📨 Partitions & Offsets

The Anatomy of a Kafka Topic — and How to Choose Partition Counts

A Kafka topic is split into partitions — ordered, append-only logs. Each message gets an offset (sequence number) within its partition. Producers choose partitions by key hash (or round-robin). Consumer groups divide partitions among members — each partition is read by exactly one consumer.

📤 Producer: How Messages Land in Partitions

Partitions: 4

Routing:

Messages0

Keys Seen0

Hottest Partition—

Skew0%

👥 Consumer Groups: Partition Assignment

Each partition is assigned to exactly one consumer. More consumers than partitions = idle consumers.

Consumers: 2

📏 How Many Partitions?

Rule of thumb: target throughput ÷ per-partition throughput. If you need 100MB/s and each partition handles ~10MB/s, use 10 partitions. More partitions = more parallelism, but also more overhead (file handles, replication traffic, leader elections).

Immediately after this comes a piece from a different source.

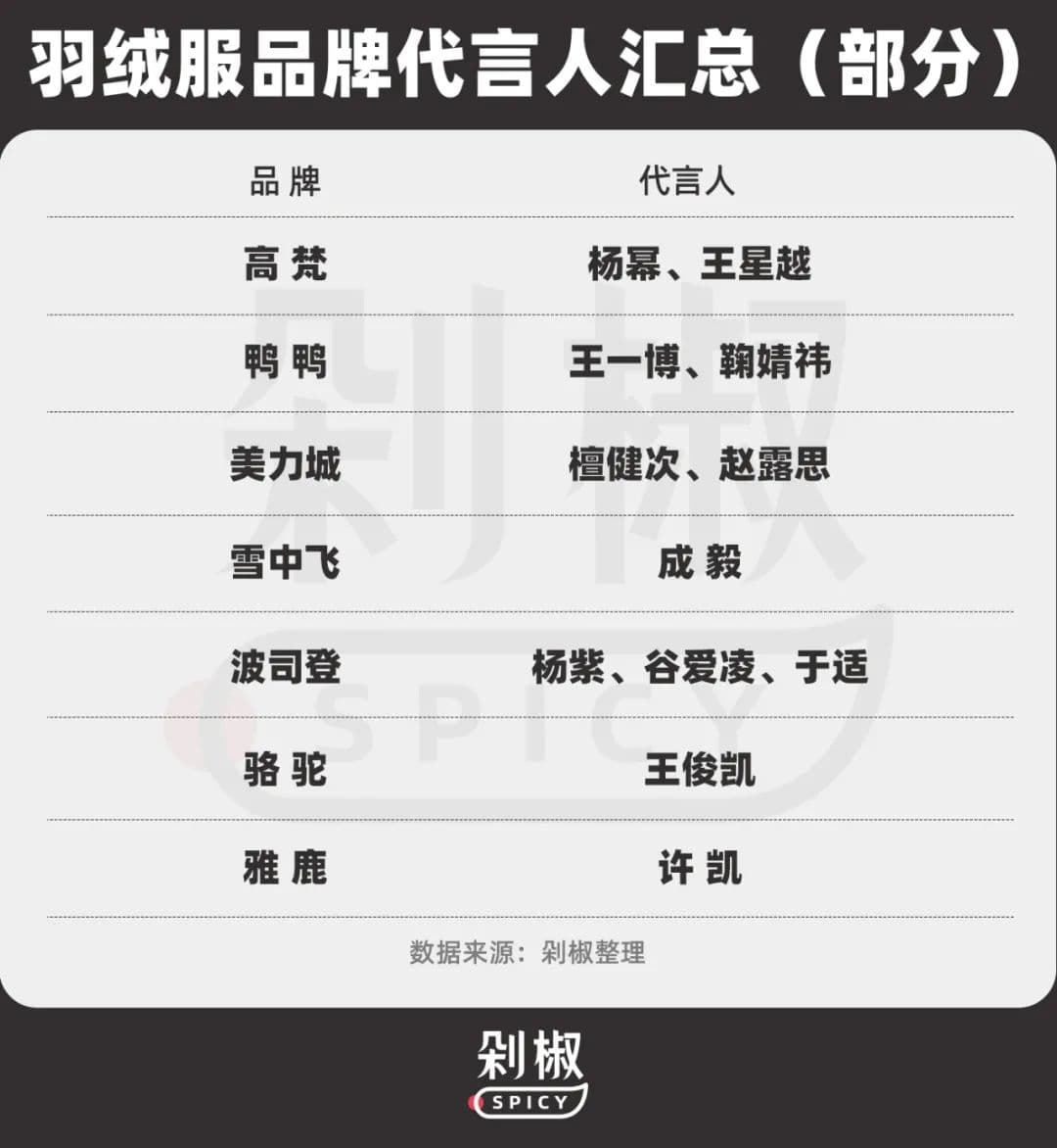今年的热风也让平台、商家加大了在羽绒服侧的营销投入。请代言人成为羽绒服品牌的时尚单品。

Partitions ≥ max(target_throughput / partition_throughput, consumer_count)

🔑 Key-Based Ordering

Messages with the same key always go to the same partition → guaranteed ordering per key. This is how you get ordered event streams per user/entity. But beware: hot keys (one key with 80% of traffic) create partition hotspots.

📊 Offset Tracking

Each consumer tracks its position per partition via committed offsets (stored in __consumer_offsets topic). On restart, consumers resume from their last commit. Auto-commit (default) vs manual commit trades convenience for exactly-once guarantees.

⚖️ Rebalancing

When consumers join/leave, Kafka rebalances — reassigning partitions. During rebalance, consumption pauses (stop-the-world). Use CooperativeStickyAssignor to minimize partition movement and reduce downtime.

🛠️ Operational Best Practices

📈 Monitor Consumer Lag

kafka-consumer-groups.sh --describe --group mygroup

If lag grows steadily, you need more consumers or faster processing. Alert when lag > N minutes.

🔢 Never Decrease Partitions

# You can only ADD partitions, not remove
kafka-topics.sh --alter --partitions 12

Adding partitions changes key routing — messages with the same key may land in different partitions. Plan ahead.

⏰ Retention & Compaction

retention.ms=604800000  # 7 days
cleanup.policy=compact  # or delete

Delete: remove old messages by time/size. Compact: keep latest per key. Use compact for changelog topics.

🔧 Producer Tuning

batch.size=65536
linger.ms=5
acks=all

Batch + linger for throughput. acks=all for durability. acks=1 for latency. Never acks=0 in production.

🏥 Under-Replicated Partitions

kafka-topics.sh --describe --under-replicated

Non-zero URP = data at risk. Check broker health, disk I/O, network. This is your #1 Kafka alert.

🎯 Rack-Aware Replication

broker.rack=us-east-1a

Ensure replicas spread across racks/AZs. Losing one rack shouldn't lose any partition's quorum.